### TRY IT
Retype word for word the stretch of entries below from the line that has "Описание: Порошок Аэр-Клинз" through the line that has "自离开土壤的那一刻,笋的鲜味", and omit the pictures.
---- RECORDS FOR PROCESSING
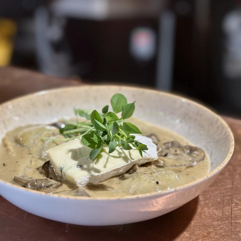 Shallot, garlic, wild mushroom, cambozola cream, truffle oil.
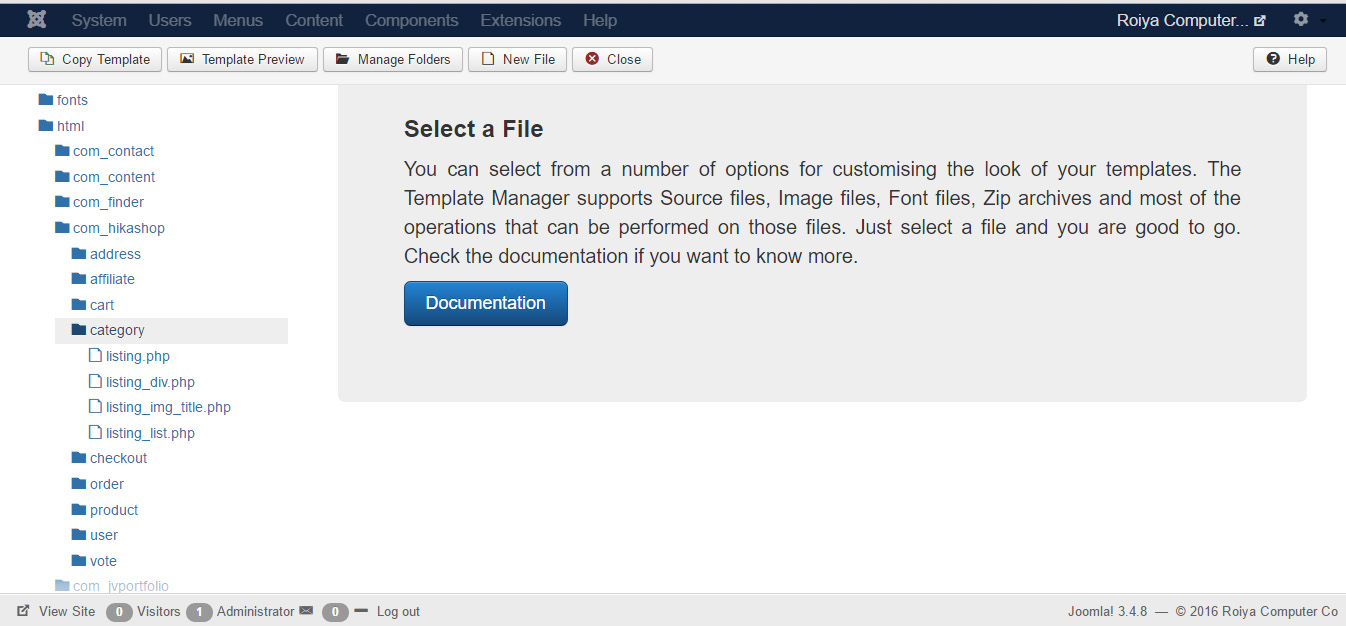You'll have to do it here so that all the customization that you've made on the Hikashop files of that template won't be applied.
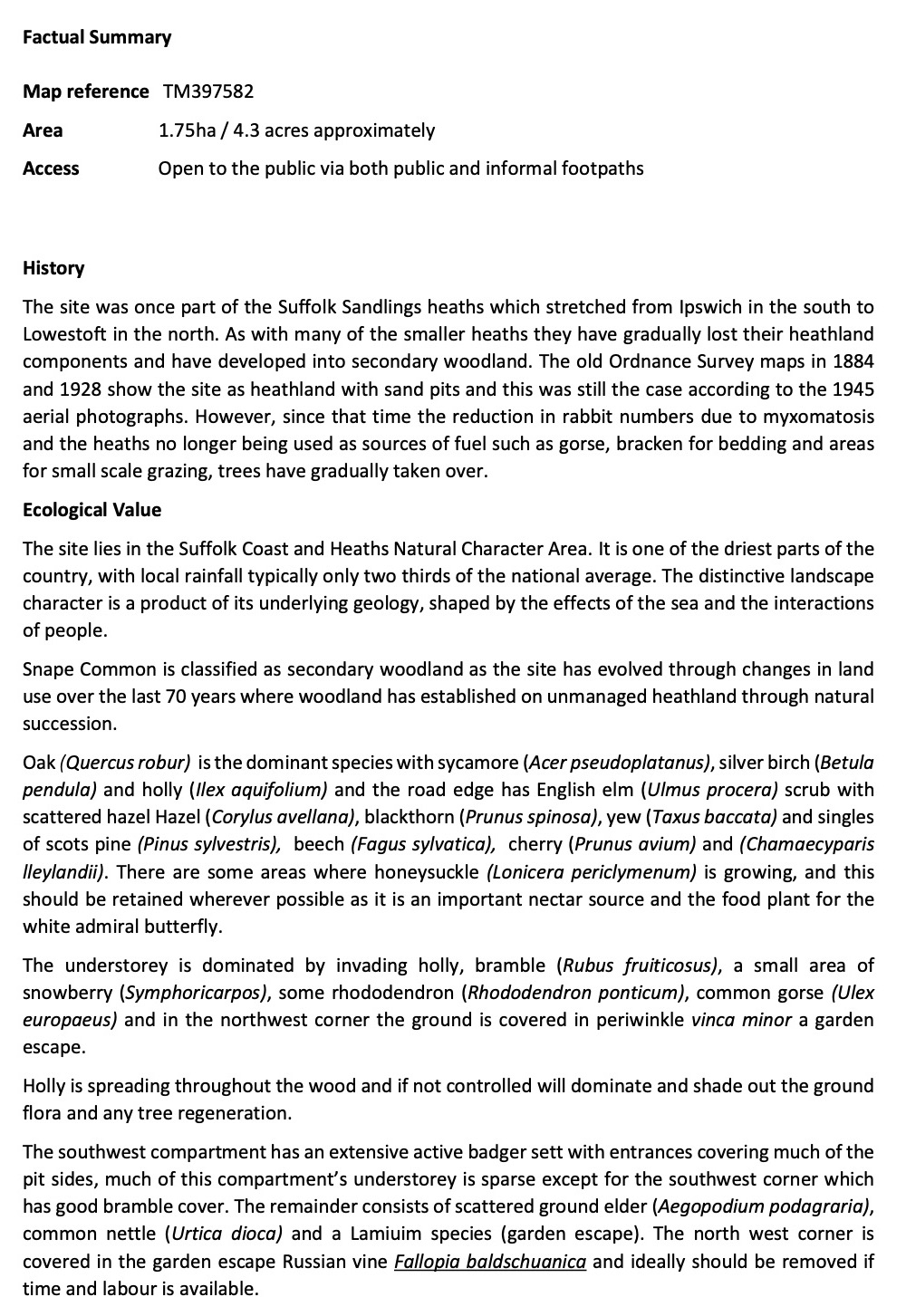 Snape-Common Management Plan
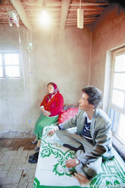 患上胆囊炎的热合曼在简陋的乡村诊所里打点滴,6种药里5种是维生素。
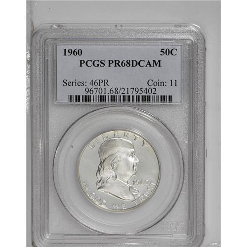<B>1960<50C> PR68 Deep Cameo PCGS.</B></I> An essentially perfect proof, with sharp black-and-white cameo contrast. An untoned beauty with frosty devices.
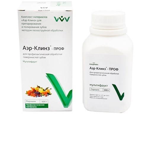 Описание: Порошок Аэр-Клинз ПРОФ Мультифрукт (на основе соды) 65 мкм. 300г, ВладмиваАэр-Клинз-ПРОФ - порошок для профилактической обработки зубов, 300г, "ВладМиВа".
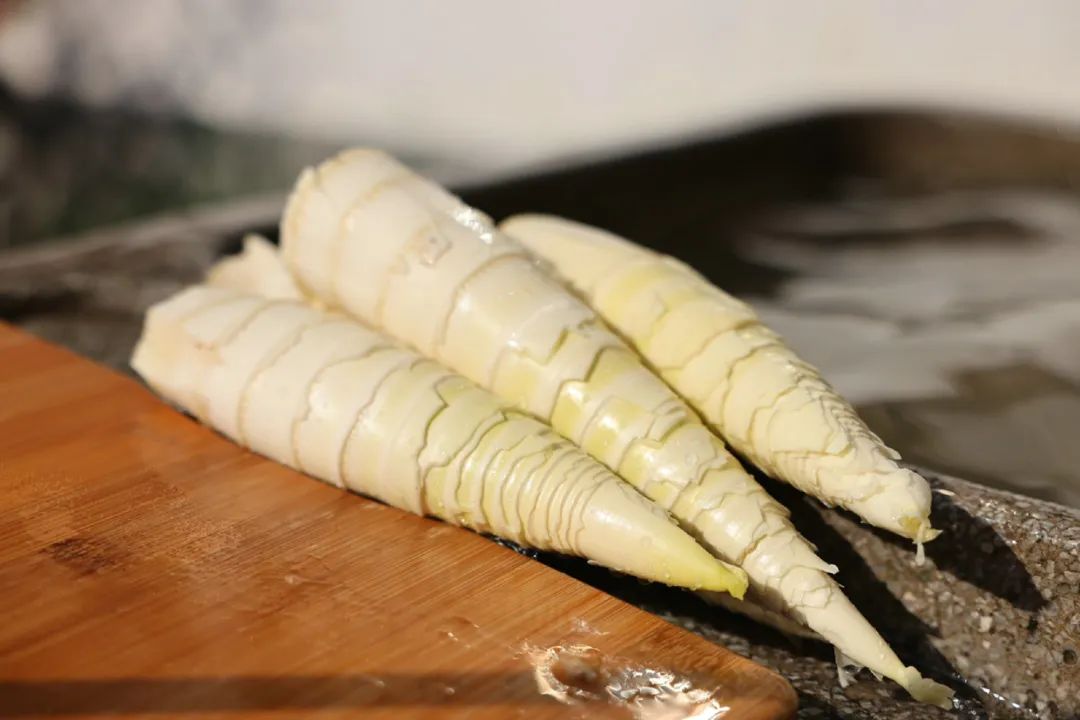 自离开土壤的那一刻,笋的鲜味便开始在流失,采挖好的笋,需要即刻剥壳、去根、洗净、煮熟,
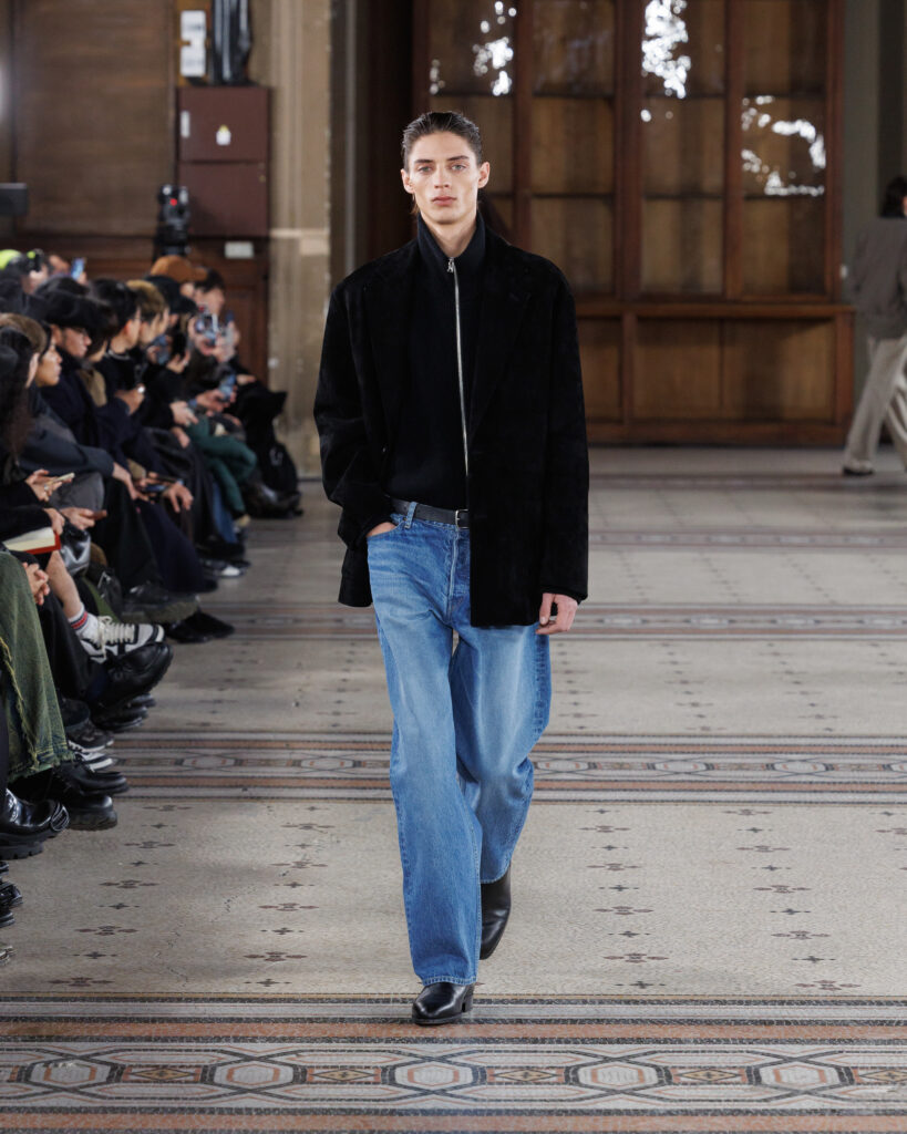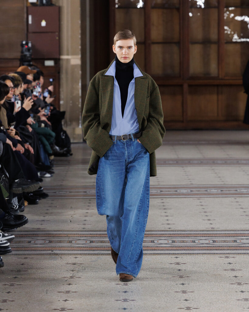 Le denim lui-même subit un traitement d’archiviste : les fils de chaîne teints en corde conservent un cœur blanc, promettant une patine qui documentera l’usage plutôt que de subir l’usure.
--------
### ANSWER SECTION
 Описание: Порошок Аэр-Клинз ПРОФ Мультифрукт (на основе соды) 65 мкм. 300г, ВладмиваАэр-Клинз-ПРОФ - порошок для профилактической обработки зубов, 300г, "ВладМиВа".
 自离开土壤的那一刻,笋的鲜味便开始在流失,采挖好的笋,需要即刻剥壳、去根、洗净、煮熟,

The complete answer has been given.